Creating a Median Stack

I’m primarily a Free/Open Source Software user – so the tools to create these stacks were already in my basic toolkit (Hugin/Imagemagick/GIMP).  Median stacks can also be created using Photoshop (from CS3 Extended on).

Photoshop

Creating the median stack in Ps is relatively straightforward (disclaimer: I’m not a Ps user personally – so I apologize if there is some other method of achieving this that I am overlooking).

  1. Open each of the images in your stack as layers in Ps.
  2. Align them (Edit → Auto-Align Layers…).  Auto should work fine here.
  3. Select all of the layers and turn them into a Smart Object (Convert to Smart Object).
  4. Now apply the Median Stack mode (Layer → Smart Objects → Stack Mode  Median).

Free/Open Source Tools (Hugin/Imagemagick)

Hugin is an open source panorama software that gets fairly heavy use on my system for a myriad of things, but in this case you only need the command align_image_stack to automatically align your images.  It’s fairly straightforward:

/path/to/align_image_stack -m -a OUT_PREFIX file1 file2 ...

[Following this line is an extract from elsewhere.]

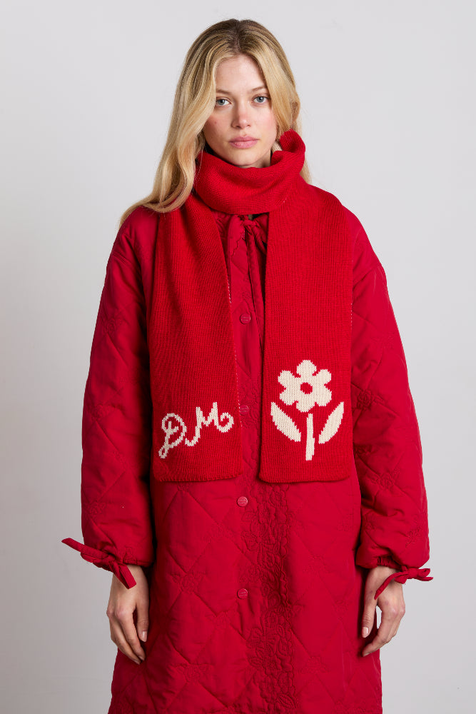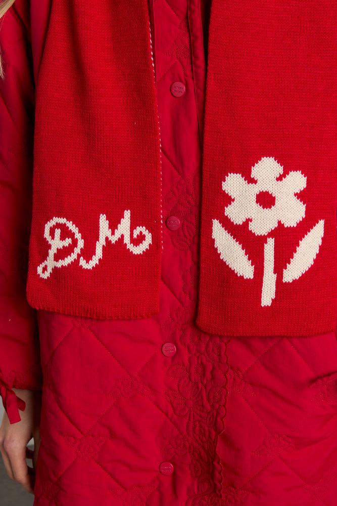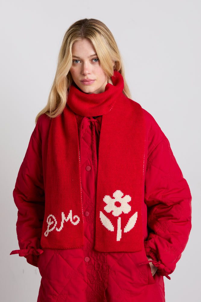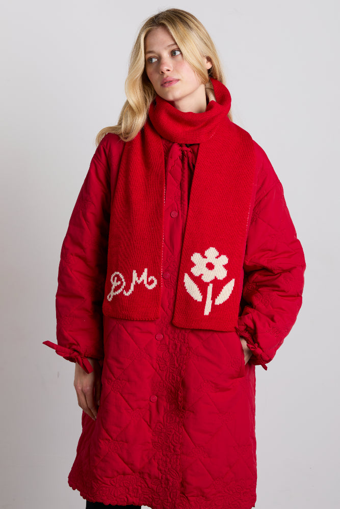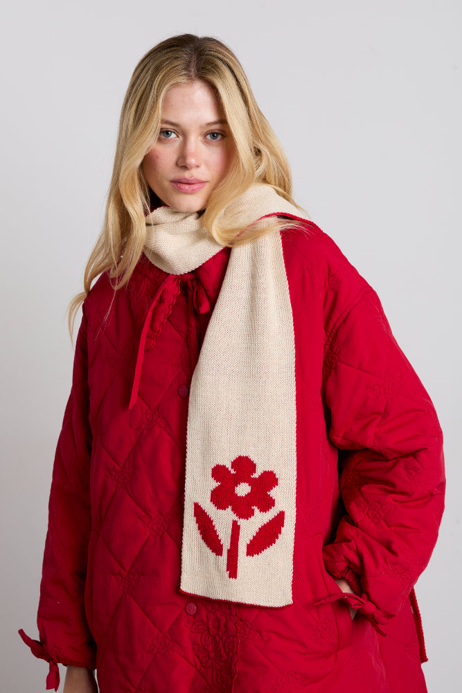 Choose your mood with this statement scarf - red on one side, ecru on the other.

Where file1, file2, etc… are the images to be stacked.

Once this command is finished, there will be a series of images that are now aligned and named with the out_prefix from the command.  At this point it only takes one more command using Imagemagick to create the median blended output:

convert OUT_PREFIX* -evaluate-sequence median OUTPUT.jpg

This will stack all of the OUT_PREFIX images, evaluate them using a median stack, and save the results to OUTPUT.jpg.

Interesting Side Effects

An interesting side effect of doing median stacks is that objects that move between the different images in the stack might be removed.  In fact – this is another common use of median stacking.  A good example is if you want to capture an image of a location that has people/cars/etc. moving about, but you don’t want those objects in the final image.  A great example of this is trying to shoot touristy locations, but the desire is to remove all of the other tourists from the final result.  Manually masking out each object could be time consuming, whereas a median stack might remove them quickly and easily.

Here is a simple example to illustrate:

ultramarine-combined

The top 5 images have an object that is moving across the frame, and the bottom image shows the result of doing a median stack.  As far as the median stack is concerned, the pixel data that makes up the moving object is spurious data, and is not considered for the final output.

Overall, median stacking can be an incredibly powerful method of producing very clean and noise-free images.  The only caveat is that the subject be static between each of the frames.